In early 1971, the presidential campaign for a little-known U.S. Senator from South Dakota was in search of a path to the nomination. The traditional route passed through New Hampshire and that year's early favorite to hoist the Democratic Party banner...

Hart: We were up against a front-runner named Ed Muskie from the adjoining state of Maine and Senator Muskie was leading in the polls and was very well-known in New Hampshire. And so we had a conversation, there were just about six of us at that time.

During that fateful planning session, advisor Richard Stearns began ticking off key primaries favorable to McGovern. Campaign manager Gary Hart was searching for a game changer.

Hart: And so I said to him, Rick, is there any state that begins the nomination process before New Hampshire? He said, well there are caucuses in Iowa but no one has paid much attention to them. I said, we're going to pay attention to them.

McGovern: Well, Gary Hart was terrific as a campaign manager. I'm not at all sure I would have won that nomination without that great grassroots organization that Gary built.

McGovern's time on Iowa soil was meager by the standard set by dozens of politicians only years later.

McGovern: When you're out there it's kind of lonely. You're walking around looking for somebody to shake hands with. In Iowa, even a junior Senator from South Dakota with very little money, had a chance.

Stock broker Lonnie Beerma and his wife Faye, both supporters of George McGovern, trying hard to understand the mechanics of the reform rules, which some had thought would require a Ph.D. in math.

Hart: But I don't think any other campaign really understood how doing well in Iowa before New Hampshire could reposition candidates and George McGovern was very low in the polls.

8:00, 4515 Wakonda Parkway, Des Moines, Iowa.
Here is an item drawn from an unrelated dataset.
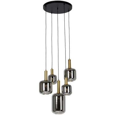Pendant Light Black with Gold and Smoke Glass Incl. 5 PUCC Zuzanna

Democratic voters in this middle income 87th precinct are coming to the home of Mrs. Ellen Sisio, here to begin the four-month long procedure of selecting delegates to the National Democratic Convention.

On caucus night 1972, McGovern, considered a long shot to even contend for his party's nomination, placed second behind national front-runner Muskie.

McGovern: We didn't fully realize it until we saw the news coverage on the results.

A dozen reporters were alongside Iowa Democratic Party staff Richard Bender, ready to file for the night.

Bender: One of those dozen reporters or so was Johnny Apple of the New York Times who wrote a big story in the New York Times, which was picked up by the national TV folks, and it was a big deal. But we didn't, you know, before that we had no idea this would happen.

McGovern: It was the first time that a headline from an election appeared with me in the sub-head saying, George McGovern came in a strong second.

McGovern would use the Iowa momentum, and Muskie's own mistakes, to claim the 1972 democratic nomination. He would ultimately lose to President Richard Nixon in an epic landslide. But the seeds of an Iowa caucus moment had been sewn for the next man in.